I think my Feld2 does the same. When grinding, make sure your hand grips both parts.


----------



## fatwhite (Nov 25, 2018)

I've did try different grips, but unfortunately it makes no difference. It didn't use to do it, it just started in the past few weeks, so I'm guessing the grip shouldn't matter.


----------



## Syenitic (Dec 1, 2013)

you might find a thicker O ring will fix that. google O ring and I think you will find suppliers. I think they are measured with 2 dimensions - the ring diameter and the thickness e.g. 24/2 being 24 mm wide with a 2 mm section width. you could be able to buy a selection to find the best fit for a few pennies.


----------



## fatwhite (Nov 25, 2018)

Syenitic said:


> you might find a thicker O ring will fix that. google O ring and I think you will find suppliers. I think they are measured with 2 dimensions - the ring diameter and the thickness e.g. 24/2 being 24 mm wide with a 2 mm section width. you could be able to buy a selection to find the best fit for a few pennies.











@Syenitic do you mean the rubber O-ring? I've updated the image to make it clearer, everything below the green line is fine, it's that bit of metal between the green line and the hopper that's the problem. The hopper should be down to the top of the green line. Cheers


----------



## El carajillo (Mar 16, 2013)

If it is the same as the Hausgrind , the 'O' ring should be in that groove (green line) this is what provides the grip for the body .


----------



## Rom (Jan 20, 2017)

Wasn't there a spare o ring in the box when you bought it?

ah, well spotted, it's it seated correctly.


----------



## fatwhite (Nov 25, 2018)

El carajillo said:


> If it is the same as the Hausgrind , the 'O' ring should be in that groove (green line) this is what provides the grip for the body .
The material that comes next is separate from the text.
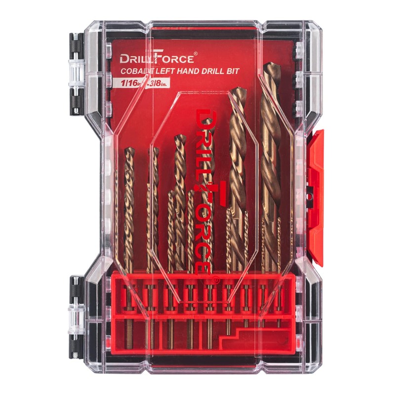 VALYRIANTOOL 15PCS M35 Cobalt Left Hand Drill Bits Set for Removing Broken Stubs, Bolts and Screws, Reverse Twist Drill Bits, 1/16"-3/8"

When I push the hopper back down to the top of the green line (where it should be), the O-ring butts up against it. It must be different from the Hausgrind as it isn't an O-ring issue, thanks though.


----------



## fatwhite (Nov 25, 2018)

Rom said:


> Wasn't there a spare o ring in the box when you bought it?
> 
> ah, well spotted, it's it seated correctly.


There was thanks, but it isn't an issue with the O-ring. The gap between the top of the green line and the bottom of the black hopper can be almost 10mm sometime. I then have to push it back down again so that there is no silver showing between the green line and the hopper.

Hope that makes sense.


----------



## Syenitic (Dec 1, 2013)

Hi @fatwhite ,Sorry to be late replying. I have both a Hausgrind and a mk1 Feldgrind. I really do think this is a O ring issue...
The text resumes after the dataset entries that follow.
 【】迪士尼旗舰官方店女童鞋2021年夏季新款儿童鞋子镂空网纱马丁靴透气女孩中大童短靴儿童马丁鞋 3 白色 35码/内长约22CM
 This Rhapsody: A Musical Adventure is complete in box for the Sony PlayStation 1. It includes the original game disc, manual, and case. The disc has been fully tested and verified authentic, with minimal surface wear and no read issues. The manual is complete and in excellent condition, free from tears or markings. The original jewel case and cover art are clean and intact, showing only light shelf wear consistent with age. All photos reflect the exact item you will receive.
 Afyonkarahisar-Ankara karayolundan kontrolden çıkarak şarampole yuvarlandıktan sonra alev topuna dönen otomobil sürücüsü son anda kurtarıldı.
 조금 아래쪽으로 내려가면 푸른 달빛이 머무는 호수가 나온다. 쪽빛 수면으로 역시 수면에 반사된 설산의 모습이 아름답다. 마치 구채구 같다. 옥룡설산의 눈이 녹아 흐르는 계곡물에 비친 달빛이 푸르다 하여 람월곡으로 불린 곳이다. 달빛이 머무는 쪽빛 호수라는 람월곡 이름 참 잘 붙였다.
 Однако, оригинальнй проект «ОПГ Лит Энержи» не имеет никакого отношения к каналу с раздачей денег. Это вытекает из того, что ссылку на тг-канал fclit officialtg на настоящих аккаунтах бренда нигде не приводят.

From your description I wonder if you are actually pushing the 'hopper' far/firmly enough. It needs to ride over that black rubber ring, over the silver metal, and meet the Black top bit...there should be no silver showing at all. If you cant push it so far then your O ring is too big. But before you agree with that diagnosis give it a firm push with a simultaneous twisting which will aid the ride over the resistance from the rubber.


----------



## Benjijames28 (Mar 29, 2017)

I had a MK1 feldgrind and currently have a aergrind. My feldgrind hopper was a very tight fit. On the aergrind I have had the same issue your having.


----------



## fatwhite (Nov 25, 2018)

Syenitic said:


> Hi @fatwhite ,Sorry to be late replying. I have both a Hausgrind and a mk1 Feldgrind. I really do think this is a O ring issue...
> 
> From your description I wonder if you are actually pushing the 'hopper' far/firmly enough. It needs to ride over that black rubber ring, over the silver metal, and meet the Black top bit...there should be no silver showing at all. If you cant push it so far then your O ring is too big. But before you agree with that diagnosis give it a firm push with a simultaneous twisting which will aid the ride over the resistance from the rubber.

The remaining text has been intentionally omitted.